Labour groups are voicing concerns about rival bids for security giant G4S plc from Quebec’s GardaWorld Corp. and Allied Universal Security Services, saying either combination could be bad for workers, who could face job cuts and other risks as private-equity owners try to cut costs and increase profits.
If either bidder succeeds, the combined company would be one of the world’s largest private-sector employers, with up to 760,000 workers, most of them low-paid security guards.
The bidders, each with ties to Quebec, have been vying to acquire G4S for months. Montreal-based GardaWorld’s initial $6.35-billion offer was topped by Allied’s $6.5-billion bid in December. The Caisse de dépôt et placement du Québec is a major Allied shareholder. G4S’s board accepted Allied’s bid, but shareholders have not voted to approve either offer yet.
At a Thursday conference call organized by the Private Equity Stakeholder Project, which works with people affected by private-equity investments, two U.S. state treasurers – who oversee investments in local public-sector pension plans – asked about the fate of workers if a deal gets done.
Both GardaWorld and Allied are owned by private equity investors. Britain-based BC Partners holds a majority stake in GardaWorld while U.S.-based Warburg Pincus controls Allied.
“I have real questions about how both private equity firms will manage risks related to workers at companies they own,” said Michael Frerichs, state treasurer of Illinois.
“This is an especially pressing issue, given that [either company] would see the total number of employees in their portfolio companies more than triple with a G4S acquisition.”
G4S has faced allegations that some of its employees abused immigrants in detention centres, and use excessive force when dealing with children.
In 2019, Norway’s sovereign wealth fund stopped investing in G4S after investigating the company’s operations in the United Arab Emirates and Qatar, where its employees are mostly migrant workers. The probe found the workers had to pay recruitment fees, received far lower wages than agreed, and the migrants’ passports were confiscated.
G4S has said management invested substantial resources to improve its standards.
Tobias Read, the state treasurer for Oregon, said he wanted G4S’s suitors to use their “market dominance” to “address historic inequities in the work force.”
Eddy Stam, head of property services at UNI Global Union, which represents employees at Gardaworld, G4S and Allied, expressed concerns in a letter read to conference attendees about potential job losses and human-rights risks that workers could face in a combined company.
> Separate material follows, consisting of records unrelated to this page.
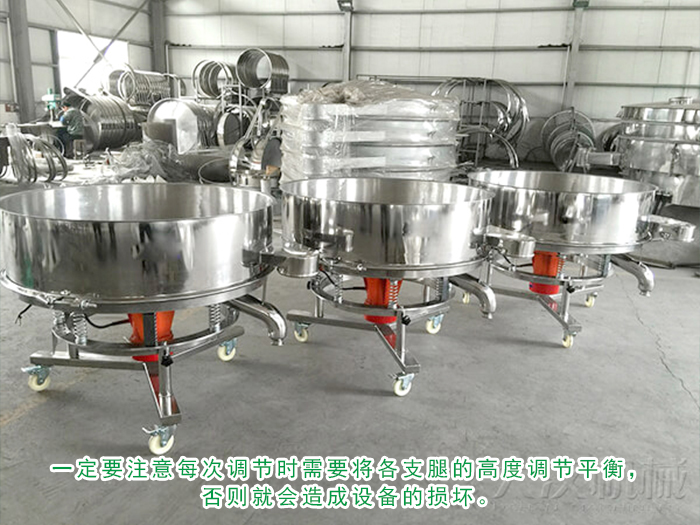 由于大多数客户在购买高频振动筛时,都要求将支架设计成可调节高度,因此客户在使用现场调节支架高度时一定要注意每次调节时需要将各支腿的高度调节平衡,否则就会造成设备的损坏。
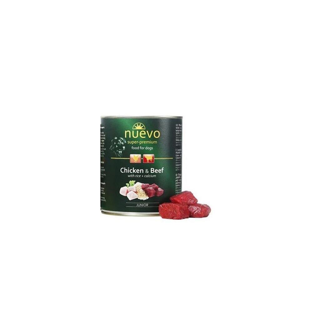 NUEVO dog Junior Kura a Hovädzie s ryžou + vápnik 800 g konzerva Kompletné superprémiové krmivo pre junior psy.Dodatočné parametre
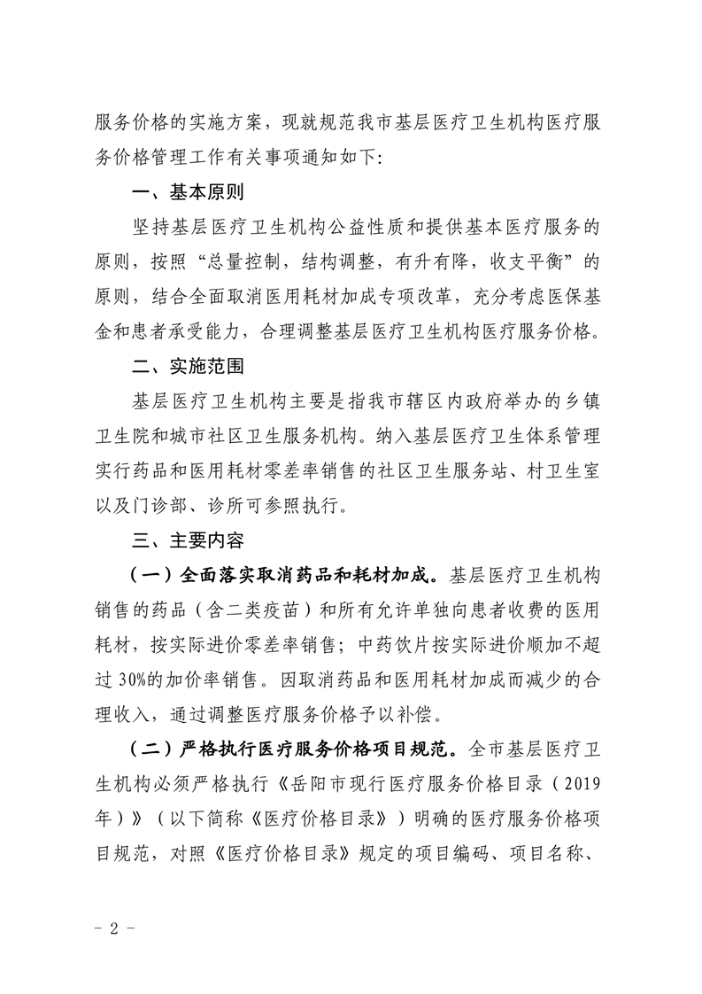 岳医保发50号:关于规范基层医疗卫生机构医疗服务价格管理工作的通知
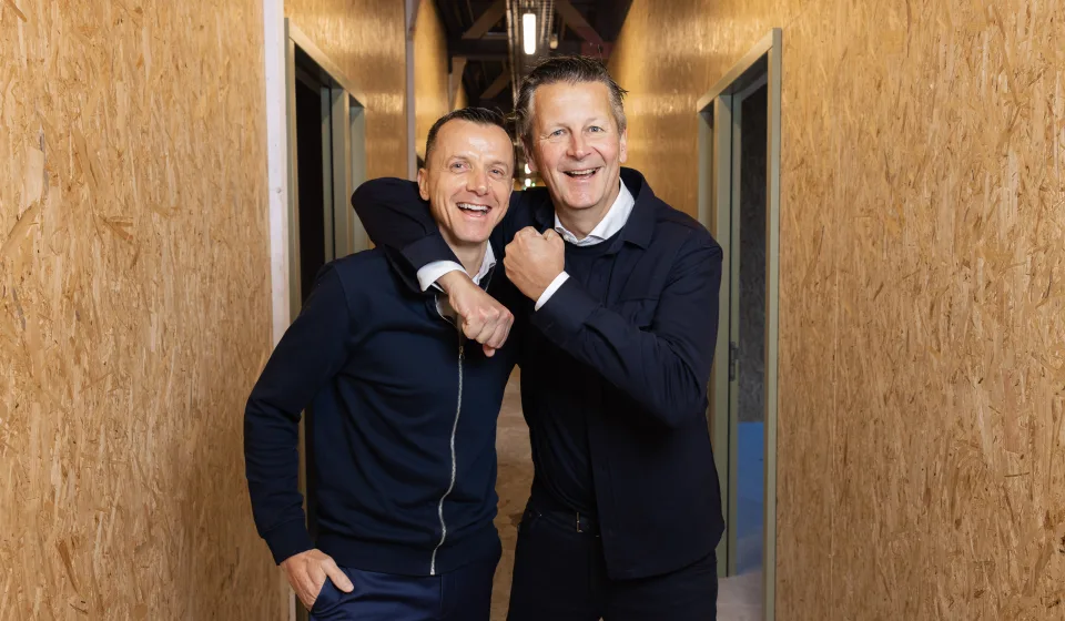 Sander van Doorn (Huybregts Relou) en Freek Boeijen (Focus on Impact) in het gerenoveerde TAC-gebouw.
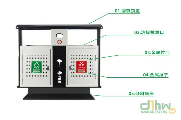鋼制垃圾桶HT-GZ5690,該產(chǎn)品整體采用優(yōu)質(zhì)的鍍鋅鋼板生產(chǎn)加工而成,產(chǎn)品顏色為:黑灰色,規(guī)格為長1000mm寬350mm高1000mm,本款戶外分類鋼制北京桶整體采用優(yōu)質(zhì)鍍鋅板,經(jīng)折彎沖壓一次性成型.產(chǎn)品一律用室外粉靜電噴塑,經(jīng)過180°的高溫,限度延長了垃圾桶的使用壽命,使垃圾桶顏色持久不變,亮麗如新.表面經(jīng)除油——清洗——酸洗——清洗——表調(diào)——磷化——清洗——烘干——靜電粉末噴涂——高溫塑化——冷卻.噴涂粉末經(jīng)ISO9002質(zhì)量體系認證,易保潔表面光滑之優(yōu)點,不脫落,不起層。,HT-GZ5690鋼制垃圾桶也可按照您的具體需求可定制尺寸和顏色,可印制LOGO及文字,詳見說明或咨詢客服.環(huán)泰愿為環(huán)保護航,一切為您,放心采購。
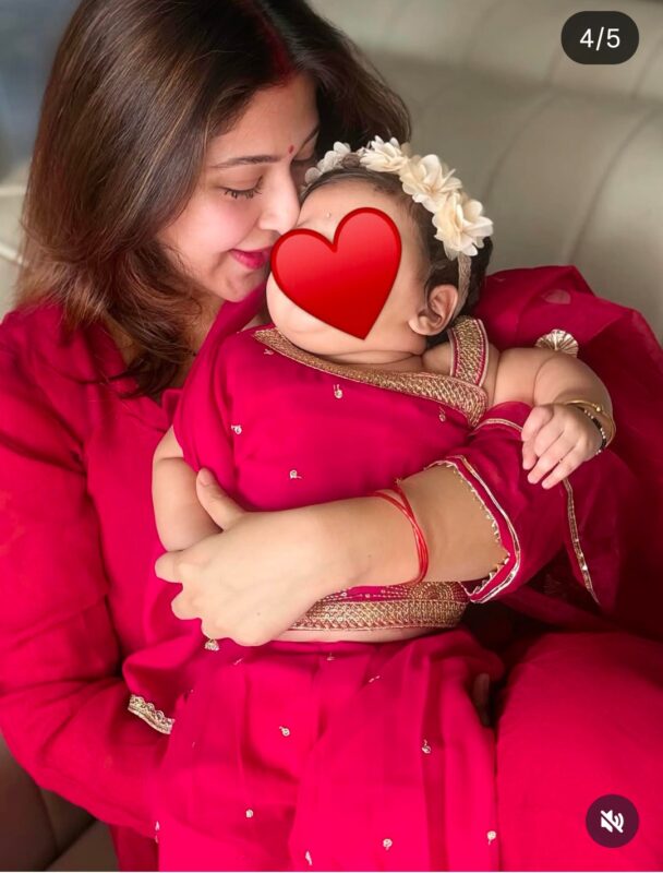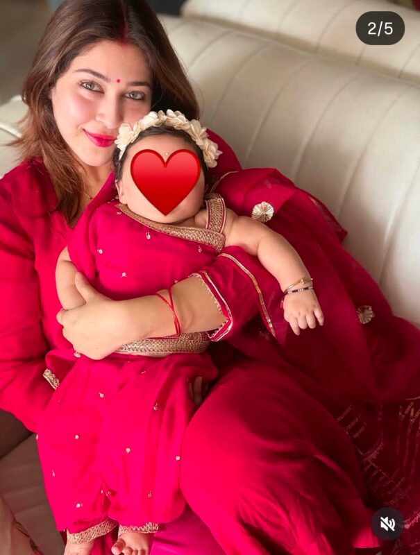 इन तस्वीरों में सोनारिका ने बेटी का फेस रिवील नहीं किया है. एक फोटो में विरिका पेट के बल लेटी हुई है और मुड़कर इधर-उधर देख रही है. दूसरी फोटो में विरिका अपनी मम्मी सोनारिका की गोद में नजर आ रही हैं. एक्ट्रेस ने फोटो में बेटी के फेस को छिपा रखा है, उसकी जगह हार्टशेप वाला इमोजी लगा रखा है.

“The [European Works Council] is concerned with the possible impact on employment in the U.K. as well as globally,” Mr. Stam wrote. “[Allied’s] restructuring plans imply job losses.”
Mr. Stam said Allied’s bid did not put enough emphasis on the impact of a merger on its operations outside of Britain and the United States, where 400,000 of its 530,000 workers are located. Many of them, he says, work in “low-compliance, high-risk” markets.
Both state treasurers said companies should respect their workforces and mitigate human capital liabilities if they want to attract investment from pension funds.
“We as fiduciaries in charge of pension funds are not day traders,” Mr. Frerichs said. “We want to make sure that the firms we invest in have that in mind, that they are looking at long-term, sustainable investments. They need to look at things like human capital.”